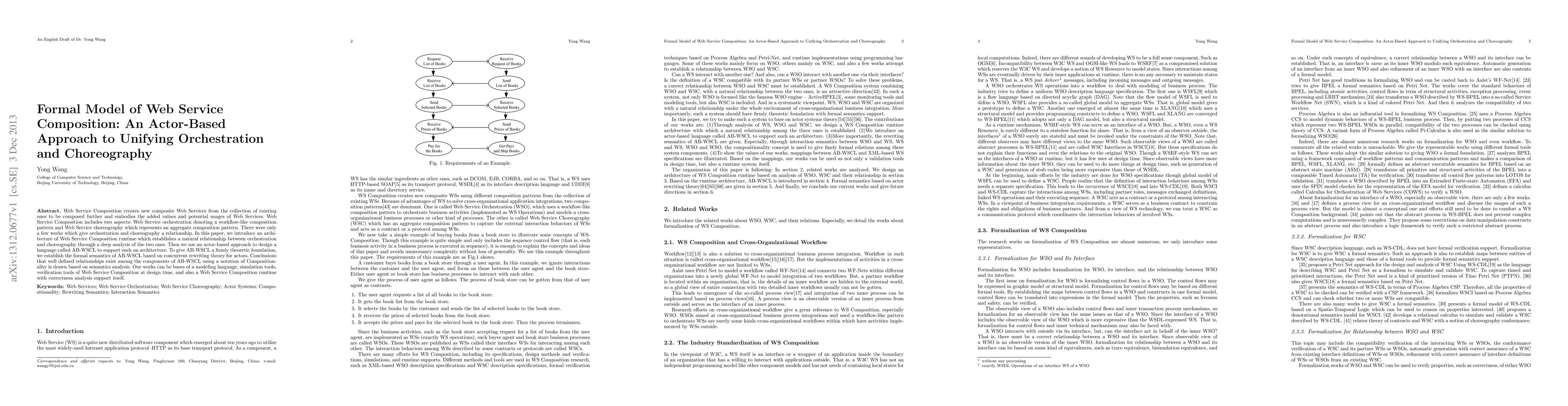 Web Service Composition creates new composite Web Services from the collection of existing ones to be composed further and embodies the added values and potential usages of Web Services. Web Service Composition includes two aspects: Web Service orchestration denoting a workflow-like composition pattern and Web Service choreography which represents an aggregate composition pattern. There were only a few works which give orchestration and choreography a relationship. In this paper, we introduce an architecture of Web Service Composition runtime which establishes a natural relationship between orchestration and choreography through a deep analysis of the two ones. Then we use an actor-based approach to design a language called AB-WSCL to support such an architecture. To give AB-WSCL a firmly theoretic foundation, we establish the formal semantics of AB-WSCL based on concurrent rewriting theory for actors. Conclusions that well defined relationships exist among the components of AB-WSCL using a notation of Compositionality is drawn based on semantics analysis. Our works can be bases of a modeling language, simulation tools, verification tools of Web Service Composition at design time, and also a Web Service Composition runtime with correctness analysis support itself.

┄┄┄┄┄┄┄┄┄┄┄┄┄┄┄┄┄┄┄┄

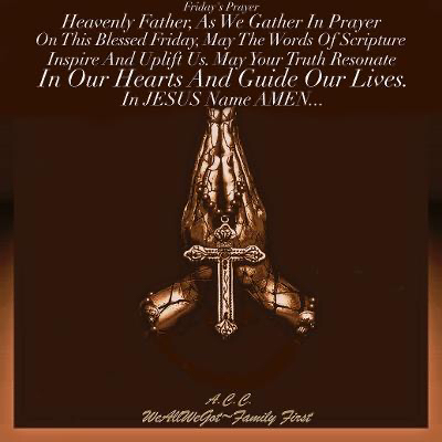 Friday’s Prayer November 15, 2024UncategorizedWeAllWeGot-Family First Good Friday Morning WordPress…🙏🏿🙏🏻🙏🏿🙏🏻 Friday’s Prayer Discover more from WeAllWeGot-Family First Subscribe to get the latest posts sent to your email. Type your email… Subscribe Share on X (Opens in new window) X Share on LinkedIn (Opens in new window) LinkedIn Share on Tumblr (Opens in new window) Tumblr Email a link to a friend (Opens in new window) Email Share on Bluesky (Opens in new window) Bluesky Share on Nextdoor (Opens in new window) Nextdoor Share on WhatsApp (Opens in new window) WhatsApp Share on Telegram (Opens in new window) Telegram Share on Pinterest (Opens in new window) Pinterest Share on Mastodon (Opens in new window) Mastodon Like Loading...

┄┄┄┄┄┄┄┄┄┄┄┄┄┄┄┄┄┄┄┄

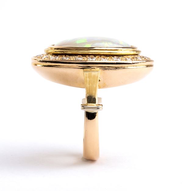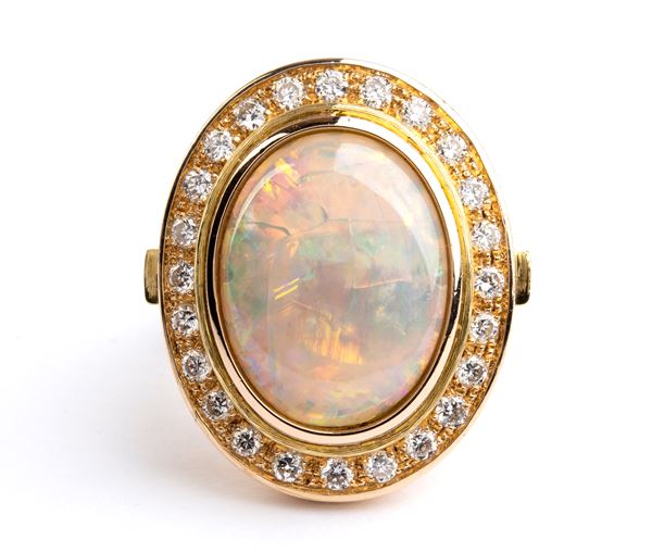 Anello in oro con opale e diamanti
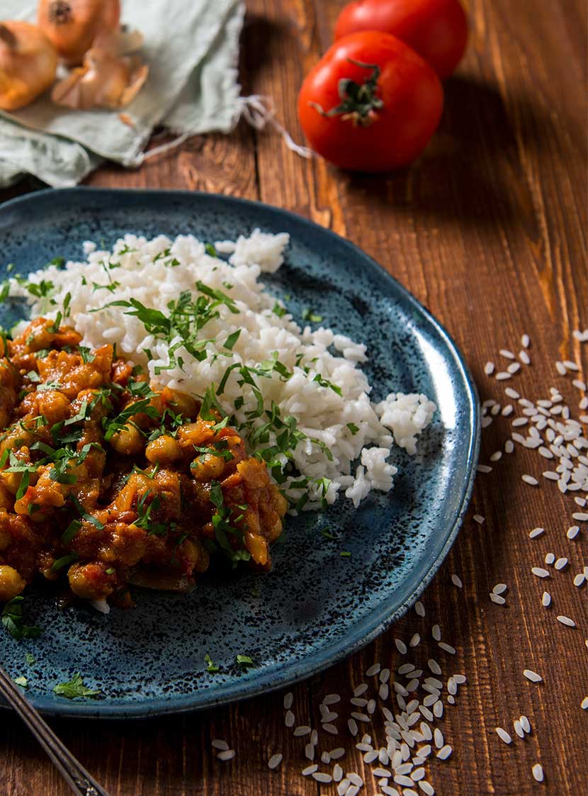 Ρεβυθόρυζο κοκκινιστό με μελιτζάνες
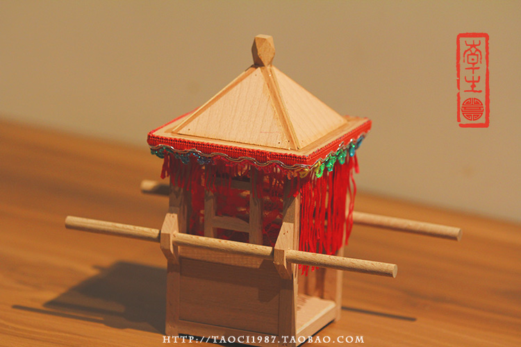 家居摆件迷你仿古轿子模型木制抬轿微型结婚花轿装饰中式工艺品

┄┄┄┄┄┄┄┄┄┄┄┄┄┄┄┄┄┄┄┄

*TASK OBJECTIVE*. Write back word for word every line in the entries above from the one with "Anello in oro con opale e diamanti" to the one with "家居摆件迷你仿古轿子模型木制抬轿微型结婚花轿装饰中式工艺品", ends included, and none of the pictures.

*EXERCISE RESPONSE*.
 Anello in oro con opale e diamanti
 Ρεβυθόρυζο κοκκινιστό με μελιτζάνες
 家居摆件迷你仿古轿子模型木制抬轿微型结婚花轿装饰中式工艺品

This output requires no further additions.